Задумайтесь, почему учителя-словесники так любят использовать Тургенева для школьных диктантов? Да потому, что именно так надо правильно писать! Тургенев был и остается хранителем русской языковой нормы. Но это так скучно — скажете вы. Однако не считается скучным хранить меру весов и эталон времени. На этом держится цивилизация. Русская цивилизация с ее главным достоянием — русским языком — держится, в частности, благодаря Тургеневу. Начитавшись Сорокина и Пелевина, Донцову и Маринину, не худо иногда свериться с эталоном настоящей, подлинной русской речи, а эталон этот хранится в томах Тургенева, в «Записках охотника», «Отцах и детях», «Степном короле Лире», «Месяце в деревне»…

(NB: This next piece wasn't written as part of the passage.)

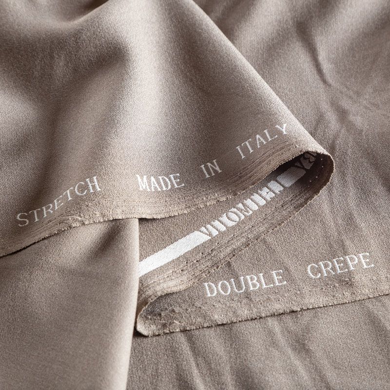 Итальянский вискозный двойной креп невероятно красивый, нежный и пластичный. Ткань отлично драпируется, хорошо тянется, практически не мнется, лицевая поверхность матовая и зернистая. Идеален для пошива комбинезона, платьев, костюмов, свободных брюк, юбки.
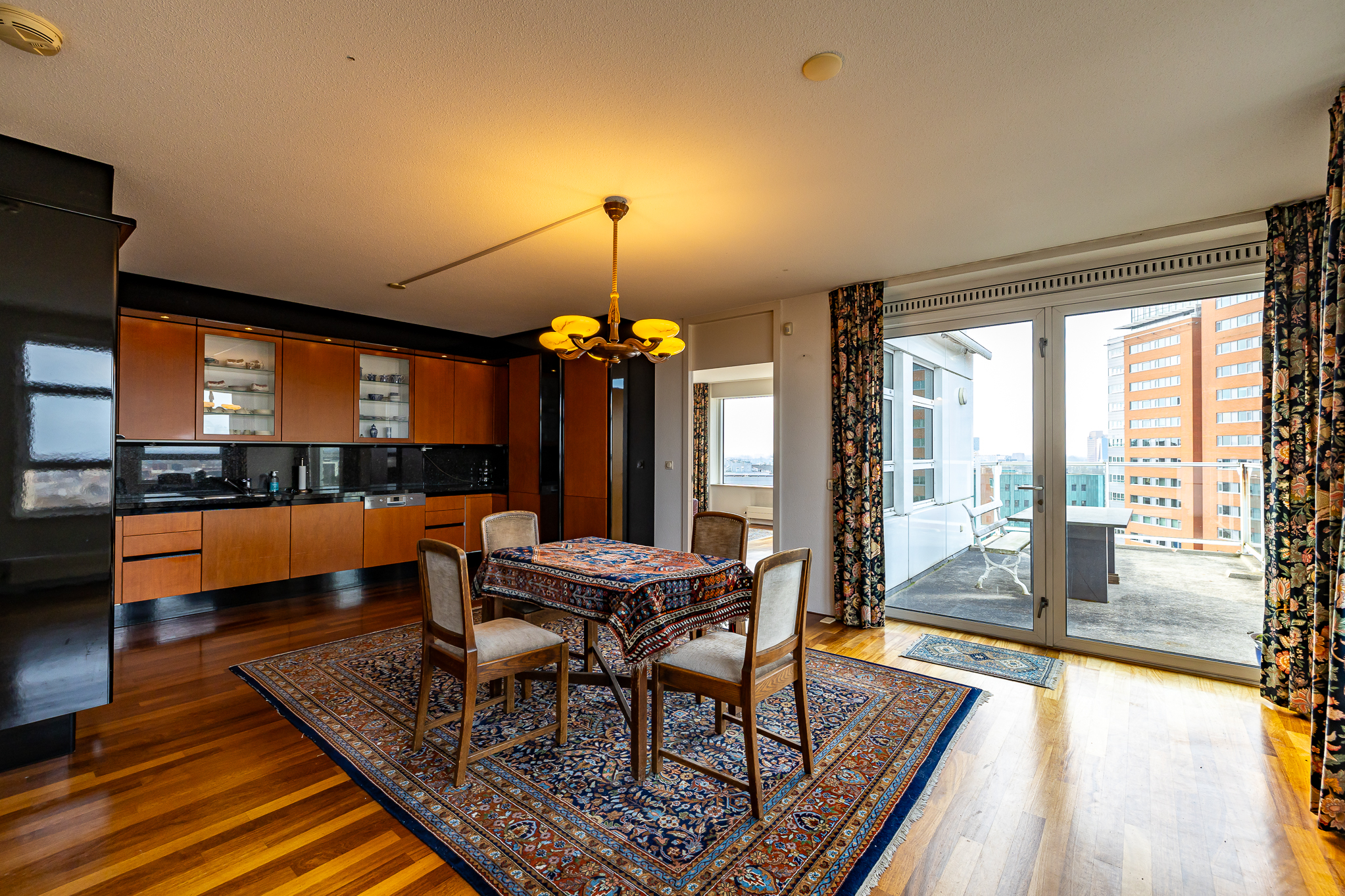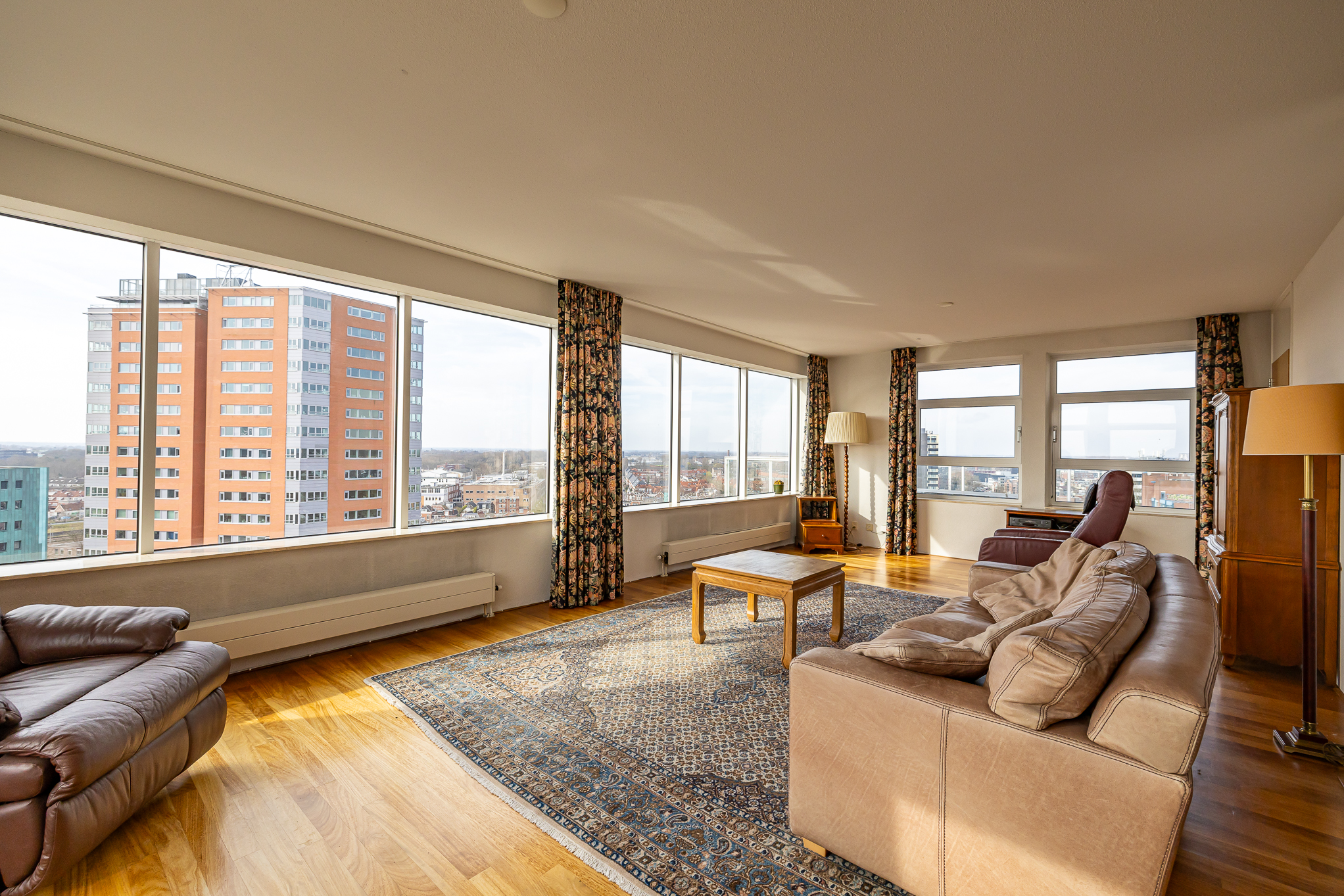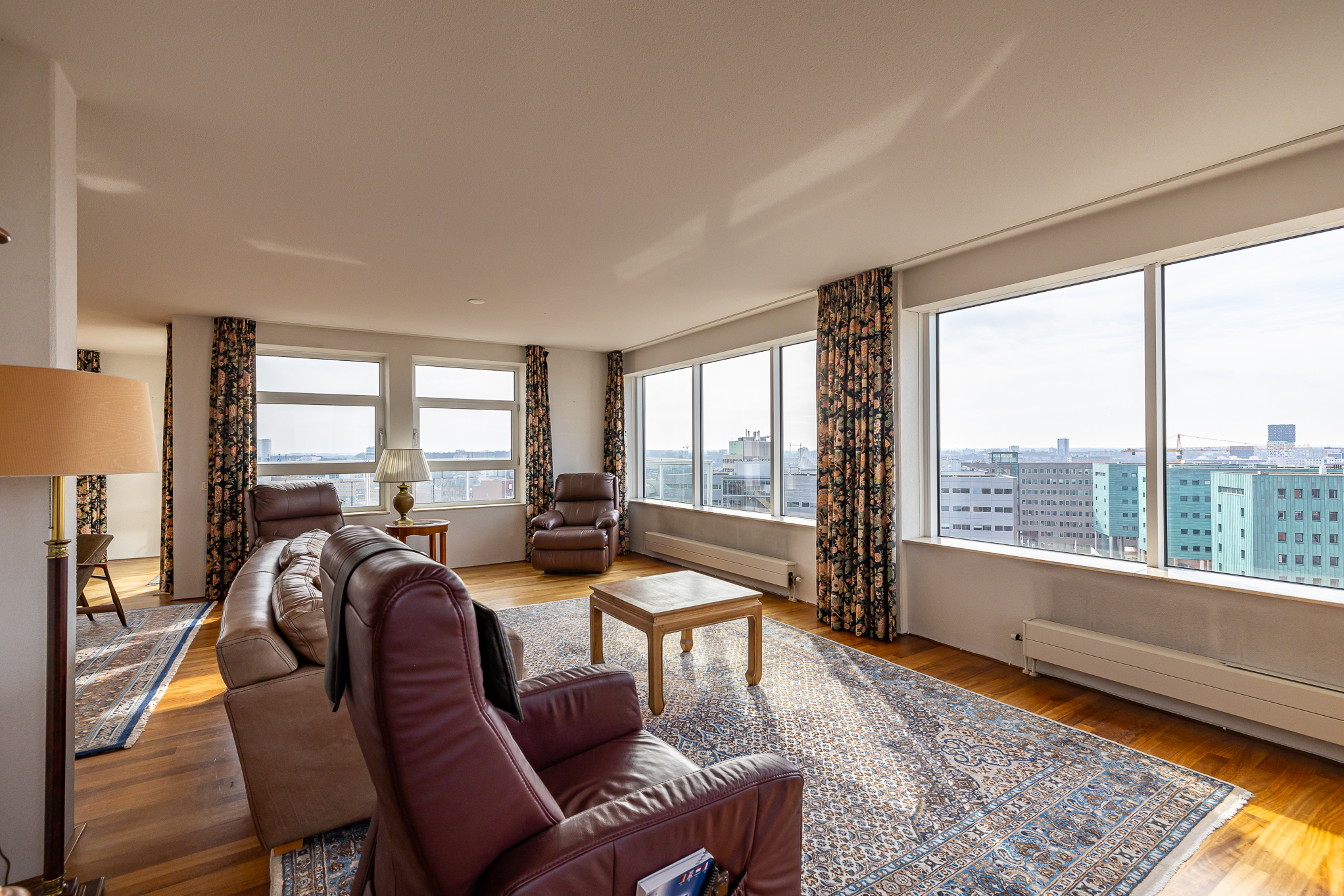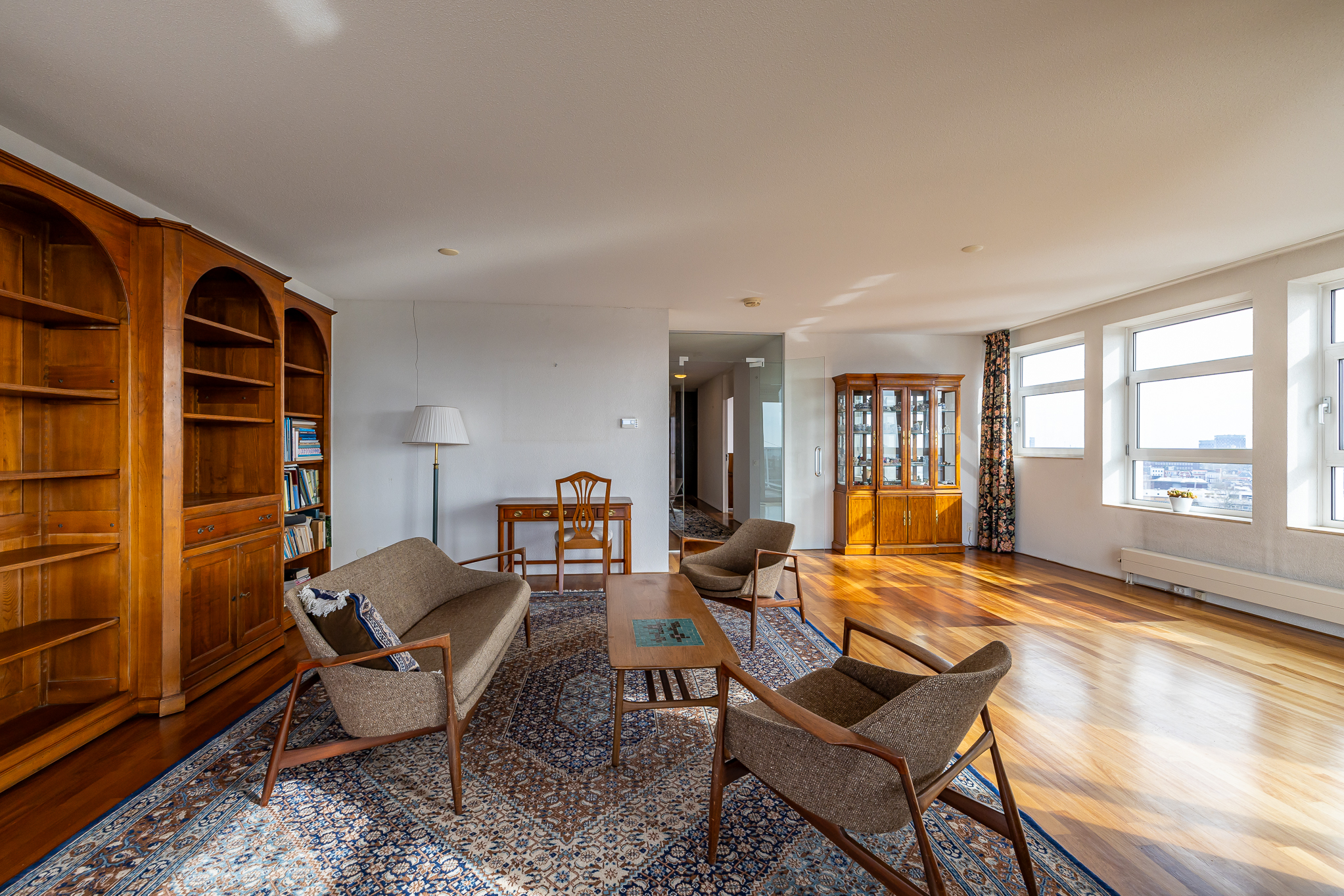 Door de samenvoeging van twee penthouses heeft de woning maar liefst een woonoppervlakte van 263 m² en is o.a. voorzien een zeer ruime woonkamer en woonkeuken, vier slaapkamers, twee badkamers met stoomcabine, jacuzzi en sauna, twee separate toiletten en twee dakterrassen. Vanaf alle vertrekken in de woning en het balkon rondom de woning strekt zich een adembenemend uitzicht over de hele stad uit.

Вторая заслуга Тургенева перед русской цивилизацией состоит в том, что он не уставал напоминать нам, что мы — европейцы. Не евроазиаты, как нам настойчиво пытаются внушить и что выходит чуть ли не на государственный уровень, но — европейцы! При этом Тургенев очень «почвенный» писатель. Только «почвенник» мог написать «Певцов» и «Живые мощи! — великие гимны русскому крестьянству. Но недаром и Гонкуры, и Флобер признавали, что французский язык Тургенева — чище, лучше, литературнее, чем у французов. Недаром незадолго до смерти его чествовали в Лондоне как первого европейского прозаика. И даже его несчастная связь с Полиной Виардо, приносившая столько страданий, послужившая одной из главных причин разрыва с матерью, и даже смерть его не в любимом Спасском, а в пустом доме в Буживале, где его оставили умирать от рака, посещая в самые последние дни, — видится мудрым поступком. Тургенев самой смертью, последним вздохом неразрывно связал нас с Европой. Но ведь и Европу — с нами. Попробуй теперь разорви!
Любопытно, что если верить академическому полному изданию писем Тургенева, последнее в жизни письмо, управляющему имениями Н. А. Щепкину, он написал по-французски. Но вот членов семьи Виардо (если опять же верить некоторым мемуарам), собравшихся возле его смертного одра, напутствовал по-русски, вообразив себя простым крестьянином: «Любите друг друга! Мои милые, мои белесоватые…»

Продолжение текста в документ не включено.